A new Arabian Nights adaptation comes to Berkeley Rep.

When King Shahryar discovers he’s been cuckolded, he vows to marry a new woman every night and have her killed at dawn. Newly married to Shahryar, Scheherazade defers her execution by spinning a series of exquisite fables, each one more intricate than the last.

Thus begins The Arabian Nights, the ancient book of myths and fairy tales from Persia, India, and Egypt. The collection of fantasy stories is peopled by genies, kings, and talking animals. For her theatrical adaptation, though, Mary Zimmerman had a vision that didn’t include the Sinbads and Ali Babas most readers associate with the work.
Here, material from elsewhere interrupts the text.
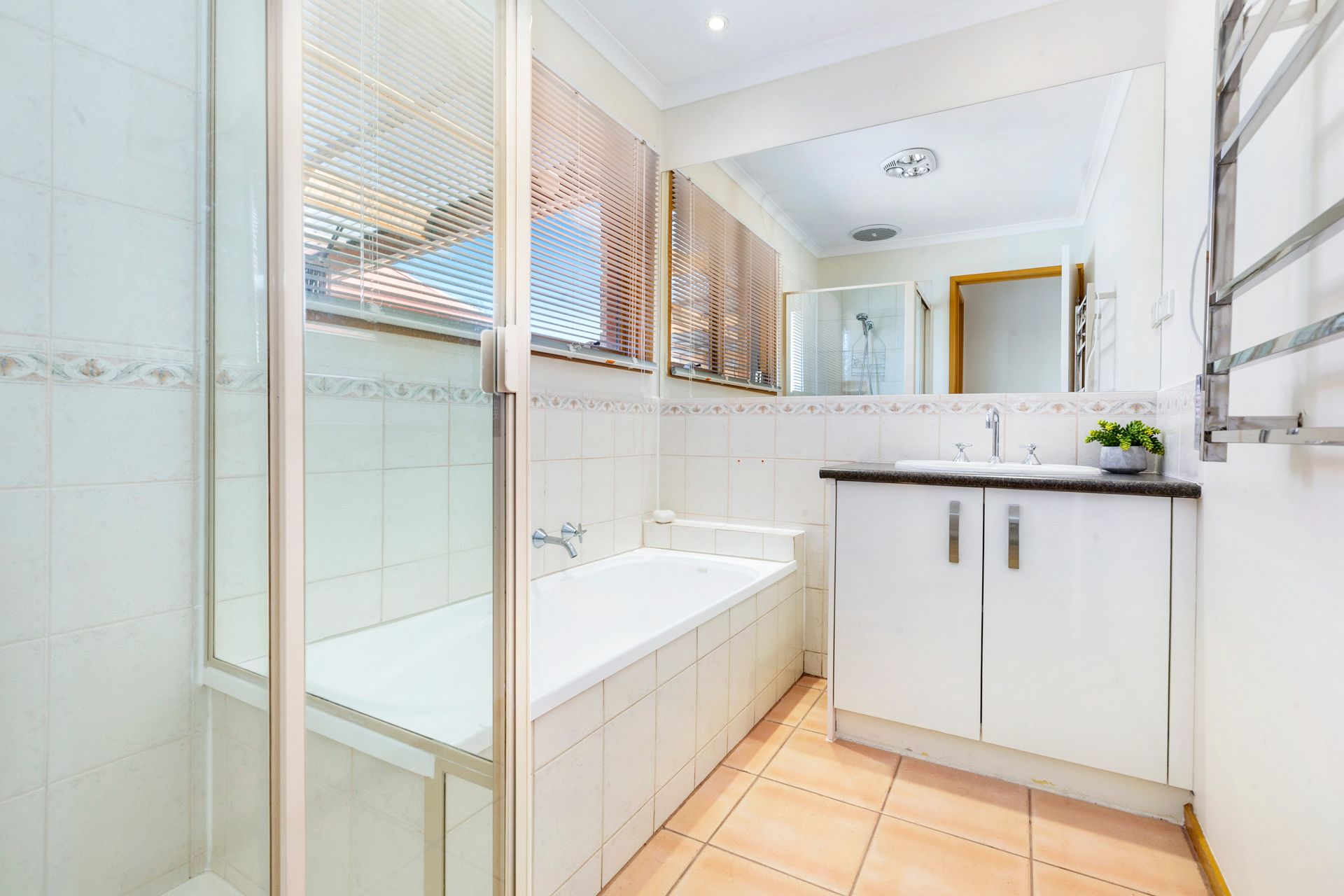 Opposite the kitchen leads to a further two more bedrooms both with double built in robes, a central bathroom with separate bath and shower as well another (separate) toilet.

“In this adaptation, I deal with what I call the domestic stories,” says Zimmerman, whose Arabian Nights is currently making its Bay Area premiere at the Berkeley Repertory Theatre. “There aren’t any flying carpets. There are certainly strange and mysterious and romantic elements, but nothing actually supernatural. I just kept being drawn to those really human stories.” Written and directed by Zimmerman and performed by a 15-member cast, the play continues through January 4 on Berkeley Rep’s Thrust Stage.

It was a characteristic choice for Zimmerman, whose unique approach to adapting mythic works has made her one of today’s most intriguing theater artists. In plays—including Metamorphoses, based on the writings of Ovid, and Argonautika, about Jason and the Argonauts—the award-winning writer and director always manages to make the otherworldly feel surprisingly close to home.
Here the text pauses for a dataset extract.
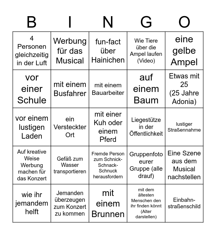 This bingo card has 25 words: Gefäß zum Wasser transportieren, mit einem Brunnen, mit einem Bauarbeiter, wie ihr jemandem helft, eine gelbe Ampel, 4 Personen gleichzeitig in der Luft, vor einer Schule, Werbung für das Musical, Liegestütze in der Öffentlichkeit, Fremde Person zum Schnick-Schnack-Schnuck herausfordern, auf einem Baum, vor einem lustigen Laden, Gruppenfoto eurer Gruppe (alle drauf), Eine Szene aus dem Musical nachstellen, mit einem Busfahrer, Einbahn-straßenschild, lustiger Straßennahme, fun-fact über Hainichen, Etwas mit 25 (25 Jahre Adonia), ein Versteckter Ort, mit einer Kuh oder einem Pferd, Jemanden überzeugen zum Konzert zu kommen, Auf kreative Weise Werbung machen für das Konzert, Wie Tiere über die Ampel laufen (Video) and mit dem ältesten Menschen den ihr finden könnt (Alter darstellen).

Like many, Zimmerman first encountered The Arabian Nights as a child. But it wasn’t until the early 1990s, the period leading up to the first Gulf War, that she began considering the stories’ theatrical promise. Dismayed by the way the Middle East was portrayed in the news—”all that talk about bombing Baghdad back to the Stone Age”—she found herself wanting to take another look. “I started wondering, ‘What are those stories really about?'”
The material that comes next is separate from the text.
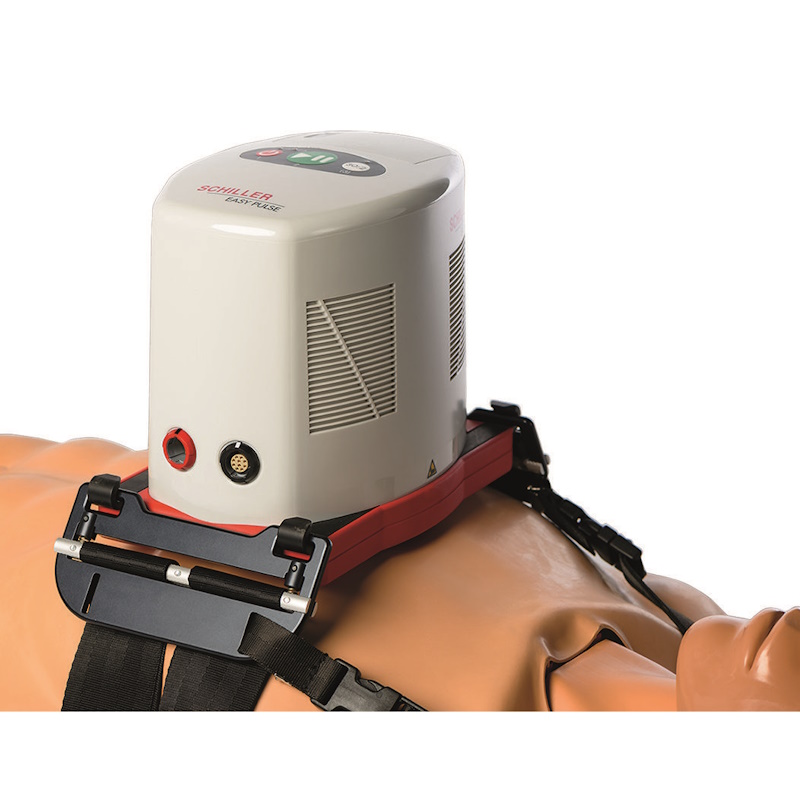 Prawidłowe ręczne wykonywanie uciśnięć klatki piersiowej przez dłuższy czas jest prawie niemożliwe. Aparat EASY PULSE firmy SCHILLER to rozwiązanie zwiększające skuteczność resuscytacji: to przenośne, niezależne urządzenie automatycznie zapewnia uciskanie klatki piersiowej ze stałą, prawidłową częstością i głębokością.

Genies aside, what she discovered was a world curiously akin to our own. “Those stories have everything to say about love and jealousy, shame and guilt, hope and desire—all the things that make us human,” she says. “Across the seas and across time, they are just so utterly familiar.”

Like its source material, The Arabian Nights begins with King Shahryar’s marital troubles. “All of the stories in the play are framed by that uber-story,” says Zimmerman, adding that the successive episodes—by turns comic, erotic, dramatic, and reflective—serve to humanize the king. With the supernatural elements excised, the play focuses on universal emotions and the redemptive uses of narrative.

“In a sense, The Arabian Nights is the world’s greatest testament to the power of storytelling,” she says. “Not that you think about that when you’re watching it—you do get involved in the stories—but it’s about how Scheherezade prolongs her own life, and brings her husband back to the world, through this act of imagination. I think that’s a very profound message.”

Zimmerman has been telling stories onstage for nearly two decades, having developed her craft in the chamber theatre tradition. She traces her love of myth to her childhood in Lincoln, Nebraska; combined with her gift for adaptation, the result is a growing list of vibrant theater works. Berkeley Rep has hosted the West Coast premieres of several Zimmerman plays, including Metamorphoses, Journey to the West, and Argonautika.

Although her directorial credits include plays by others, what sets Zimmerman apart are the productions that she both writes and directs. Metamorphoses, for example, received the 2002 Tony Award for Best Director. “I’m most engaged when I’m doing both,” she says. Her process is unusual; she doesn’t start writing until the start of rehearsals. “I’m normally only a day ahead of my cast in terms of the script,” she explains. “The text is always very fluid.”